For the last few years, a buddy of mine and I have entertained the prospect of doing something around this particular subject and, on Tuesday morning, that something took a gigantic leap into the “possible” category and I couldn’t be more excited. As you can likely presume, we aren’t working with much more detail than that, however, the potential is all over the place. If we do it right, it could be fantastic; if we do it wrong, it could be fantastic.

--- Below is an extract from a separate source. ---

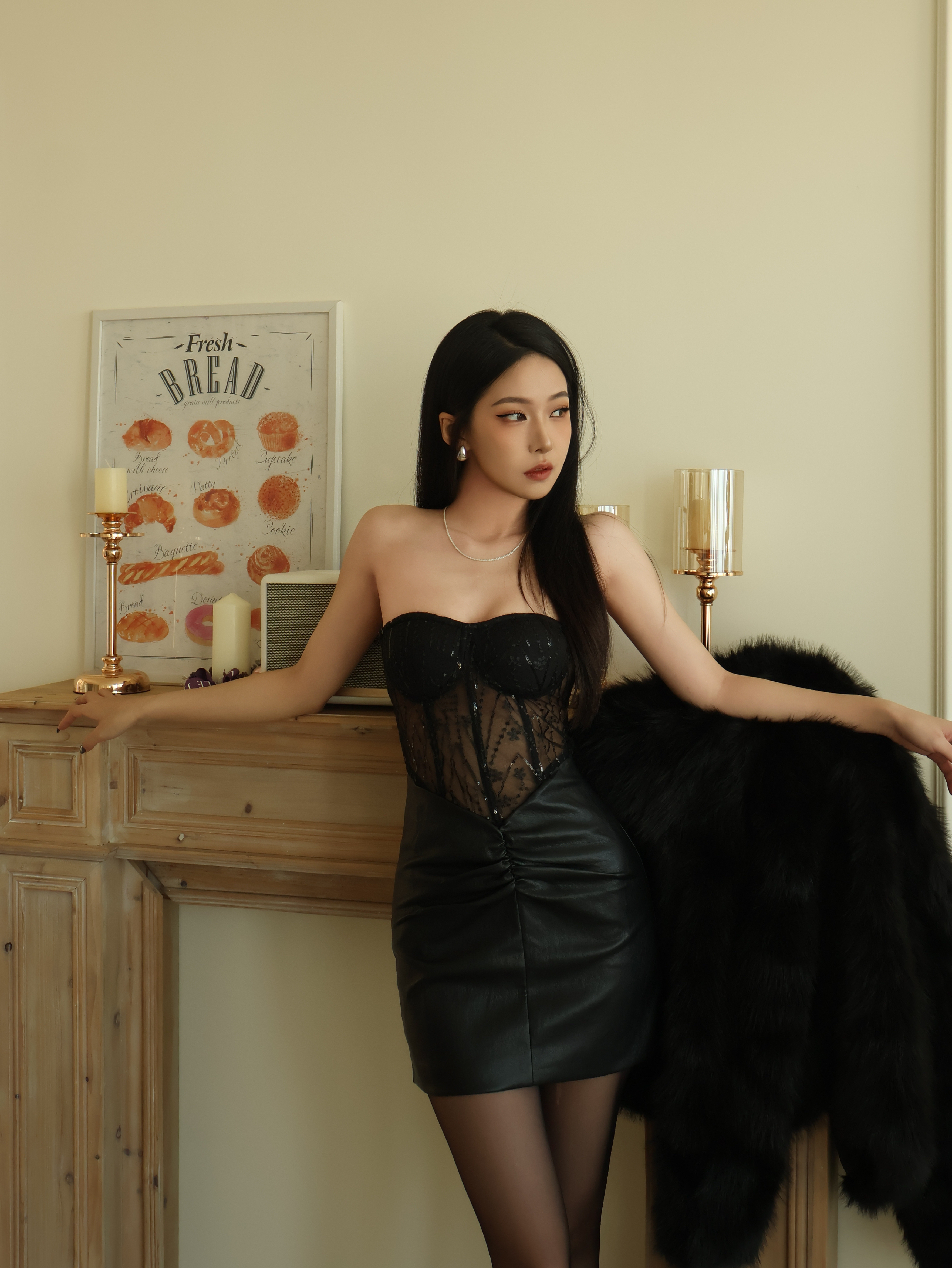 魚骨馬甲拼接短洋
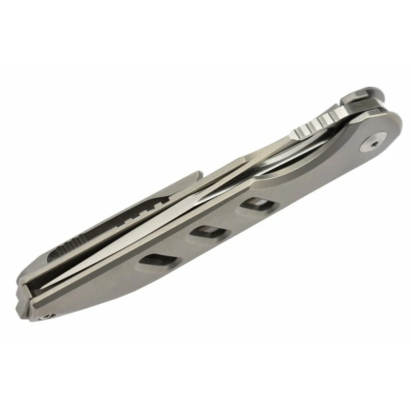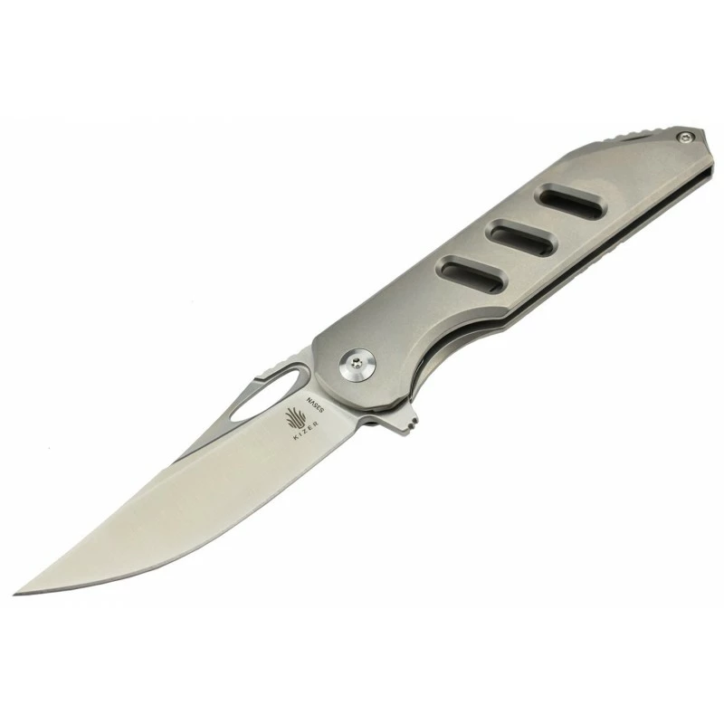 Le Kizer Assassin, signé Carlos Elstner, est un couteau pliant à verrouillage frame lock, possédant un manche en titane de 105mm de longueur simple à transporter, notamment grâce à sa fente permettant d’accrocher une lanière. La poignée est embellie de motifs fraisage en forme de trait, ce qui apporte du style, de l’élégance. Longueur du manche : à peine 105mm, à noter que le confort de prise en main est de mise.

I’m going to try to keep a lot of this information under wraps for as long as I can. At some point, I’ll most likely need some cash so expect a low budget Kickstarter coming your way, or maybe not. As I said (for seemingly the 100th time so far), I don’t know…

The main reason I’m putting this in a blog is because I have the mind of a scatterbrained catfish. There are hundreds of things I entertain doing that I don’t follow up on and I believe if I put it in writing, it may put me feet to the fire a bit. My toes need to feel warm in order to operate and hopefully this suffices.